Merci Burnov pour le partage, c'était très intéressant à lire .
Tu as l'autre partie aussi par hasard ?
Moi aussi, pareil, je dirais que je préfère la magie dure, et je pense aussi que ma scolarité scientifique y est pour quelque chose, ou plutôt que ce quelque chose en moi qui m'a poussé vers les sciences y est pour quelque chose quoi :D
Mais c'est juste une inclination que j'ai, et cette inclinaison ne suffit pas à ce que je cède toujours à l'envie de magie dure. Disons que j'arrive à penser plus facilement à des systèmes de magie dure (mais y penser plus facilement, est-ce une preuve de qualité ?), par exemple le temps qu'il me faudra pour avoir trois bonnes idées de magie dure est le même que pour une idée de magie douce, mais c'est lié, je pense, à mes habitudes... Pour être honnête, je me dis parfois que la magie douce est la meilleure (Seigneur des Anneaux magie douce ; Harry Potter aussi, enfin hybride d'après l'essai), que vouloir créer des règles à tout va et des explications de magie c'est empoisonner un peu la beauté brute de la magie douce ; mais je sais pas, tout dépend de comment l'auteur gère ce process (moi par exemple, je n'ai pas toujours une attitude très saine par rapport à la création de règles et d'univers, mon avidité intellectuelle peut me jouer des tours, me rendre confus ou bien encore me faire miroitier des trucs alléchants pour un temps mais après ça devient fade).

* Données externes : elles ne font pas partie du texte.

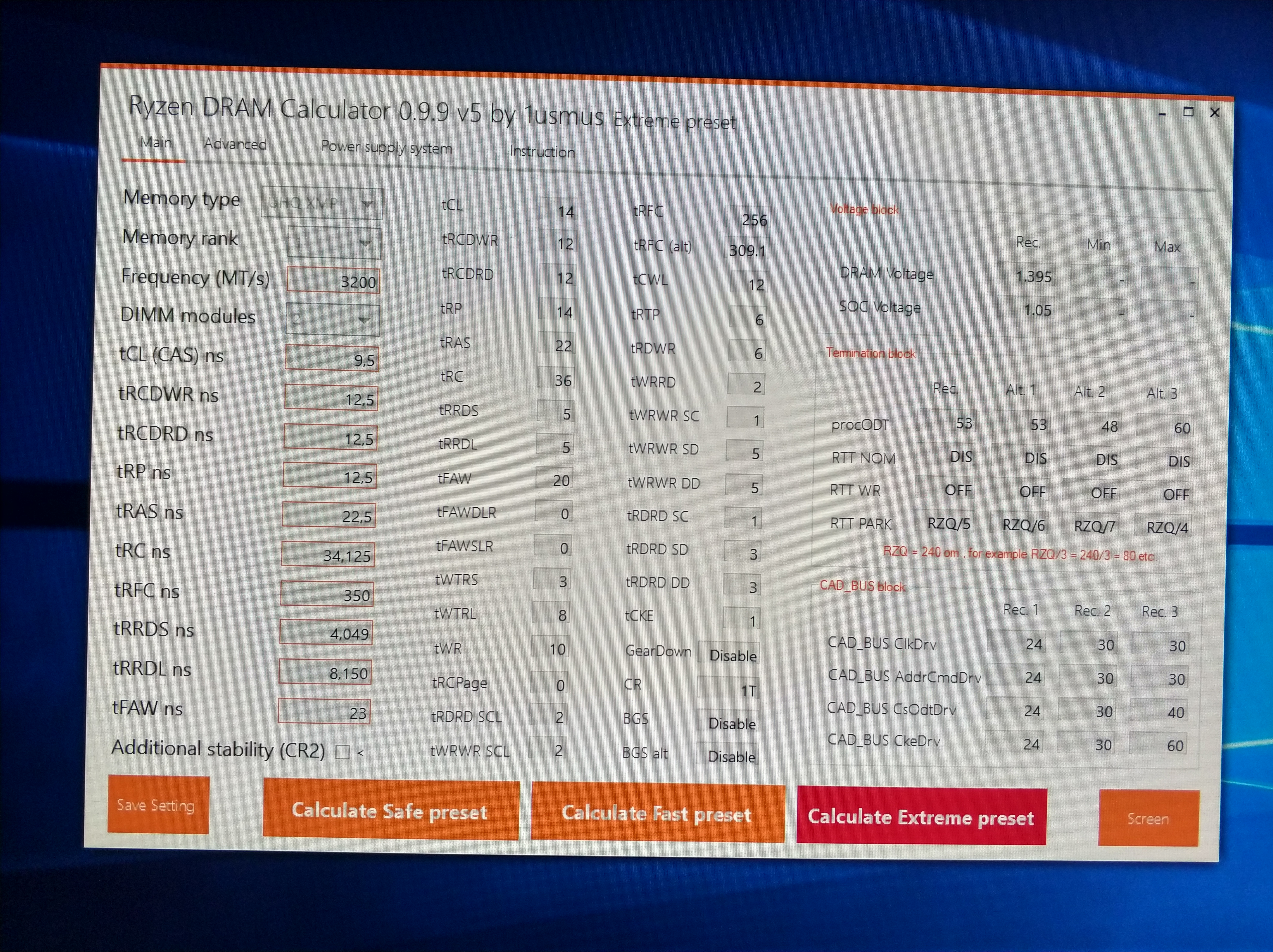 есть вопрос по новому калькулятору, пробовал ставить пресет экстрим на 3333, в итоге биос наглухо завис при перезагрузке, помогло только сброс биоса, ну думаю попробую 3200 тогда на экстрим, картина та же может калькулятор какой-либо параметр для моей памяти ставит не верно?

Je me dis aussi que peut-être, le potentiel d'une magie dure se trouve déjà dans une magie douce et vice-versa, un petit point de yin dans le yang et un petit point de yang dans le yin, etc. Et que réussir à créer une bonne histoire ça doit être une question de dosage, un dosage qui n'est jamais le même pour deux auteurs et deux textes, donc qu'il n'y a pas vraiment de règle fixe pour ça, et que le vrai secret d'une bonne histoire finalement se trouve toujours autre part.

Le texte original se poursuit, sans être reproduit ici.